Educating Families Classically....And Having A Good Bit of Fun
Invitation from Robyn Burlew (please sign up for places and foods by leaving comments below):
I would like to invite CCA community adults to a series of Vittle Moots in my home over the next few months. I’m hoping that a combination of staff and parents will come each evening. To make things simple, I’m planning the same fairly simple menu structure for each Moot. Please sign up for what you’d like to bring. Feel free to bring a bottle of wine to share. I will fill in the menu as needed after others sign up. We will gather between 5:30 and 6:00 and sit down to eat at 6:00. I’m looking forward to some evenings of great food and conversation! Please give me a call if you have any questions (991-5914).

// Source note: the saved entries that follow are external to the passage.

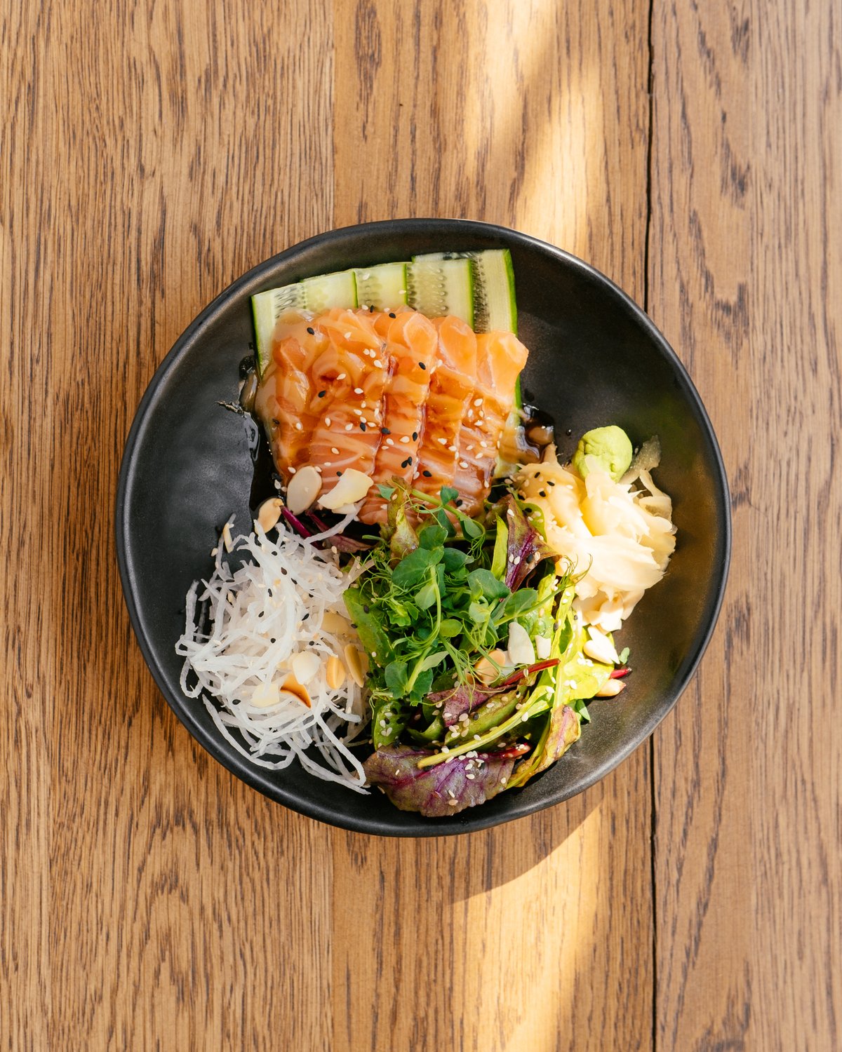 raw salmon / cucumber / kohlrabi / salad greens / sauses / nuts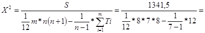 Для определения значимости коэффициента конкордации исчисляется критерий X2 (Пирсона) с числом степеней свободы n-1: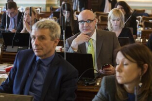Sesja Rady Miasta Gdańska w Nowym Ratuszu. Nz. w pierwszym rzędzie od lewej radni: Jaromir Falandysz, Piotr Gierszewski, Kazimierz Koralewski, Grzegorz Strzelczyk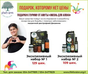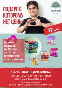 Чтобы помочь Алону и другим детям с МДД, необходимо очень много денег. Каждый год перед праздником Пурим организация «Жизнь для Алона» проводит по всей стране акцию по продаже традиционных подарков («мишлоах манот») по символической цене в 12 шек. В этом году, кроме детских подарков со сладостями будут и более серьезные наборы к Пуриму с вином, оливковым маслом, специями и т. д. по цене 109 и 129 шек. Какой бы набор вы ни выбрали, вы станете участником спасения жизни Алона и других больных детей.
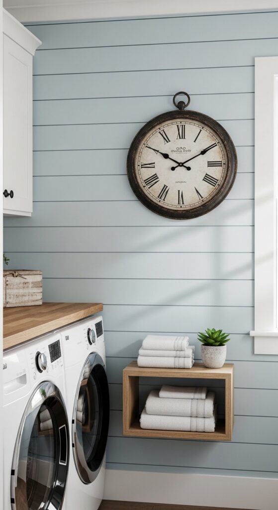 Hang a vintage-style clock on the wall where you can see it from your washer and dryer.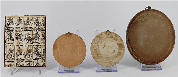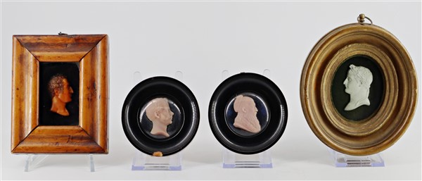 Arte del secolo XIX. Lotto composto da tre diversi profili maschili in cera ed uno in gesso, raffiguranti personaggi tra cui Hayez, Tiziano e Napoleone, in cornici (cm max totale 16x14) (difetti)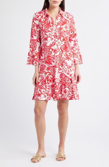 Keep things easy and breezy as you go through your day in this cotton shirtdress made with a convenient button-half placket and flowy long sleeves.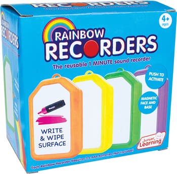 The Junior Learning Rainbow Recorders set includes four colorful recorders designed to help children develop speaking, listening, and memory skills through fun, interactive play. Each recorder can capture up to one minute of sound, allowing kids to record words, songs, or reminders and play them back to reinforce learning. The recorders feature a write-and-wipe surface for labeling, a magnetic face and base for easy display on whiteboards or metal surfaces, and a space for photo personalization. Perfect for classrooms, therapy sessions, and home learning, Rainbow Recorders support creative activities such as storytelling, pronunciation practice, quizzes, and treasure hunts. Recommended for ages 4 and up.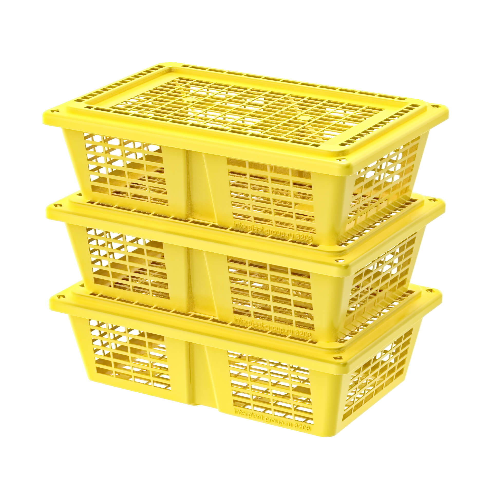 Ящик продуктовый универсальный желтый 300x200x80 мм с крышкой – компактное и надежное хранение. Прочная пластиковая конструкция обеспечивает долговечность, а перфорированные стенки создают естественную вентиляцию, сохраняя свежесть овощей, фруктов, ягод, грибов, хлеба и рыбы. Крышка в комплекте защищает содержимое от загрязнений и влаги, обеспечивая дополнительную безопасность. Ящик штабелируется с крышкой для удобного хранения и вкладывается без крышки, экономя пространство. Яркий желтый цвет ассоциируется с теплом и изобилием, а пластик легко моется и не впитывает запахи, делая использование максимально комфортным.

February 11 (Bring enough to serve 14) FULL
[Note: Several returning participants on this list are happy to make room for newcomers.]
Place your RSVP in the comment section below, and the editors will move the information into the post.
Former attendees from this year would be happy to share their experiences: Rick and Marina Allen, Robyn and Emily Burlew, Zach Cureton, Grant and Emily Durrell, Jesse and Elizabeth Hake, Dan and Rebecca James, David and Julie Kearns, David Kemper, Will and Dana Kenny, Bob and Patty Kobzowicz, Jesse Maurer, Jay and Valerie McClymont, Clem and Kristen Miller, Greg and Alison Mullins, Hallie Stucky, and Jon and Karil Yawger. Also, please feel free to bring topic ideas for our three discussions. Participants spend a few moments before the meal sharing ideas and discussing what would be of general interest. As examples, here are propositions discussed earlier this year:
November:
December: High and low cultures need one another to flourish.
January:
To learn more about the original concept that inspire this CCA tradition, see this post.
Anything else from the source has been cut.